Researchers at Case Western Reserve University report they have identified an abnormal interaction between the Parkinson’s-linked protein alpha-synuclein and the enzyme ClpP that disrupts mitochondrial function in experimental models. They also describe an experimental compound, CS2, designed to block that interaction, which they say improved movement and cognitive performance and reduced brain inflammation in lab and mouse studies.
Parkinson’s disease affects about 1 million people in the United States, with nearly 90,000 new diagnoses each year, according to the Parkinson’s Foundation.
Researchers at Case Western Reserve University say they have identified a molecular interaction that could help explain how Parkinson’s disease damages neurons. In a study published in Molecular Neurodegeneration, the team reports that alpha-synuclein—a protein known to accumulate in Parkinson’s disease—can bind abnormally to an enzyme called ClpP.
According to the researchers, ClpP normally helps maintain cellular health, but the abnormal binding interferes with its function and contributes to mitochondrial failure. Mitochondria are the cell’s energy-producing structures, and the study says their impairment can trigger neurodegeneration and brain cell loss. The researchers also reported that this interaction sped up Parkinson’s progression across several experimental models.
"We've uncovered a harmful interaction between proteins that damages the brain's cellular powerhouses, called mitochondria," said Xin Qi, the study’s senior author and the Jeanette M. and Joseph S. Silber Professor of Brain Sciences at the Case Western Reserve School of Medicine. "More importantly, we've developed a targeted approach that can block this interaction and restore healthy brain cell function."

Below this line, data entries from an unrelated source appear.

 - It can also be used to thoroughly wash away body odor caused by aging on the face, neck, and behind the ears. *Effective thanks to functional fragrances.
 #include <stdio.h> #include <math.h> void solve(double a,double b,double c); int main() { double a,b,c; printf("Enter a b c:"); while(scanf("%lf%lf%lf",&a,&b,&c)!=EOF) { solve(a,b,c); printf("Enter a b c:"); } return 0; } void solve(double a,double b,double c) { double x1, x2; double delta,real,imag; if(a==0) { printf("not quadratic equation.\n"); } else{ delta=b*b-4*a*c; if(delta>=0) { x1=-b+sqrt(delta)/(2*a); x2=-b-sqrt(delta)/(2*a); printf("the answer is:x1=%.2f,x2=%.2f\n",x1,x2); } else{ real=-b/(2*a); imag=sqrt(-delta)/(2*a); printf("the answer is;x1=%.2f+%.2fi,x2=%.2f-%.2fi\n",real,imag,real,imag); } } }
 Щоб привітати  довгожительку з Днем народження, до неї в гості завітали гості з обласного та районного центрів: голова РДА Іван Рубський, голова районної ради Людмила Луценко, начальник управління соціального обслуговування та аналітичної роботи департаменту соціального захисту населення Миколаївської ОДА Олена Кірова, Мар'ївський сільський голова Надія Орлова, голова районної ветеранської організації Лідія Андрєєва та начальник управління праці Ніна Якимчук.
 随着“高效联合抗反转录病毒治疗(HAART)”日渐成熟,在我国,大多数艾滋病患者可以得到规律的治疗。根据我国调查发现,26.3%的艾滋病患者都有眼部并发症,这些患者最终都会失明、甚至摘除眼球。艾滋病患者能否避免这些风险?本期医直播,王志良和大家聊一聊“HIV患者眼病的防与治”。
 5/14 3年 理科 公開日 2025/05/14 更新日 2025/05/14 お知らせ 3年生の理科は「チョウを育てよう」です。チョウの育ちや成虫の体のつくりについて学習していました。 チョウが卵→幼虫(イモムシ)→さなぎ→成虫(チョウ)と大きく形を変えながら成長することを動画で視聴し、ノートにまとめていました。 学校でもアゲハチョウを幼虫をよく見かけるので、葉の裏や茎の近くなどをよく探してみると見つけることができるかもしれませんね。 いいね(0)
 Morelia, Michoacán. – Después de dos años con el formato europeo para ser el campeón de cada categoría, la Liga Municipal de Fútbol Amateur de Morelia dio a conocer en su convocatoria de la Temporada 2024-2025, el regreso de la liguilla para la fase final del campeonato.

To counter the effect, the researchers developed an experimental treatment called CS2, which they describe as a decoy designed to draw alpha-synuclein away from ClpP and prevent damage to the cell’s energy systems.

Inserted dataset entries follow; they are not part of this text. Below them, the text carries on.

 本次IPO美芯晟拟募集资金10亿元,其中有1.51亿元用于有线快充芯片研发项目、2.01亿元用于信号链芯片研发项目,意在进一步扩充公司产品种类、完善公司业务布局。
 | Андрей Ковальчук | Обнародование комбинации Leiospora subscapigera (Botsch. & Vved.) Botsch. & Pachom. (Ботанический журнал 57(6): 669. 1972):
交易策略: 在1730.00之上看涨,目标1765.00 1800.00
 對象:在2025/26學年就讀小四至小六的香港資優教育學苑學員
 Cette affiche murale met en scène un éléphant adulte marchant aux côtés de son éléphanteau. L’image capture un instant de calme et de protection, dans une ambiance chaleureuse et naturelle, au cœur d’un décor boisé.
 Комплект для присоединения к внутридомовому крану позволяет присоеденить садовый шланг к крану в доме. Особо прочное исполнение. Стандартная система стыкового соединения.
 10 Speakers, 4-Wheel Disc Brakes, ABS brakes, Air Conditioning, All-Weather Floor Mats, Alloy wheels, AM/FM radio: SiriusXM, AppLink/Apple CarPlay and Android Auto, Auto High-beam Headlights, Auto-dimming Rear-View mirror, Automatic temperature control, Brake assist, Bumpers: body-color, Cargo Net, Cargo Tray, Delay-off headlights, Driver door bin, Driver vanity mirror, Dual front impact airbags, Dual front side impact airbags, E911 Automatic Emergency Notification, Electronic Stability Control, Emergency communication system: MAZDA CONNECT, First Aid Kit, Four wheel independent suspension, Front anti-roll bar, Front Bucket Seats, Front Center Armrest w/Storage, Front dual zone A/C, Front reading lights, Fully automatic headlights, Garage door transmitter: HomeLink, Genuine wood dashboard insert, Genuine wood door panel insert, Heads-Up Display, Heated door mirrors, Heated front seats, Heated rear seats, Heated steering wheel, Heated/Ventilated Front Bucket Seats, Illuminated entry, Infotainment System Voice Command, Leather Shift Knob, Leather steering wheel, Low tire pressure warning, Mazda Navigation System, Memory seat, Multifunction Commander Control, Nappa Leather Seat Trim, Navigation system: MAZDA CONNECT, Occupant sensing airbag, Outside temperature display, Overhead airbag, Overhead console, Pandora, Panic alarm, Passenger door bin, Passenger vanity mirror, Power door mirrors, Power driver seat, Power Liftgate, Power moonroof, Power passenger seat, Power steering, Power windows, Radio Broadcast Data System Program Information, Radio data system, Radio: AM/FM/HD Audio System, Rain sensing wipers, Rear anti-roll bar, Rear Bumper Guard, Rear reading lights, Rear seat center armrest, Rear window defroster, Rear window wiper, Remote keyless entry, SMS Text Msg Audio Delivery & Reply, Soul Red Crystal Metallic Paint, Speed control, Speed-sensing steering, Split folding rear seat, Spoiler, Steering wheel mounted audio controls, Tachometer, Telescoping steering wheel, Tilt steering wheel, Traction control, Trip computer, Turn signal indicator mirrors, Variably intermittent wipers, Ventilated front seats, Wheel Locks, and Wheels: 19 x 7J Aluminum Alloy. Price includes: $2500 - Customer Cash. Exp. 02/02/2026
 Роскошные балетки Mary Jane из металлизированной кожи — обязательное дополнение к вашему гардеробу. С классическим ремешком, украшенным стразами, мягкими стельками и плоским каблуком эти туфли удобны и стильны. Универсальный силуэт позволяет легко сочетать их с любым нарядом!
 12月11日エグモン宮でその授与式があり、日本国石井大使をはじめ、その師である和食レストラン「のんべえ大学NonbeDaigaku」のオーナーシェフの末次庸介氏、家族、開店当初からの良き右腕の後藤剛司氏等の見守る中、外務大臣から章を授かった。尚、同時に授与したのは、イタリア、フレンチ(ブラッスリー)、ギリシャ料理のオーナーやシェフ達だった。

In tests across multiple models—including human brain tissue, patient-derived neurons and mouse models—the team reported that CS2 reduced brain inflammation and was associated with improvements in movement and cognitive performance.
"This represents a fundamentally new approach to treating Parkinson's disease," said Di Hu, a research scientist in the School of Medicine’s Department of Physiology and Biophysics. "Instead of just treating the symptoms, we're targeting one of the root causes of the disease itself."
The team said its next steps include refining CS2 for potential use in people, expanding safety and effectiveness testing, and identifying molecular biomarkers tied to disease progression, with the longer-term goal of moving toward human clinical trials.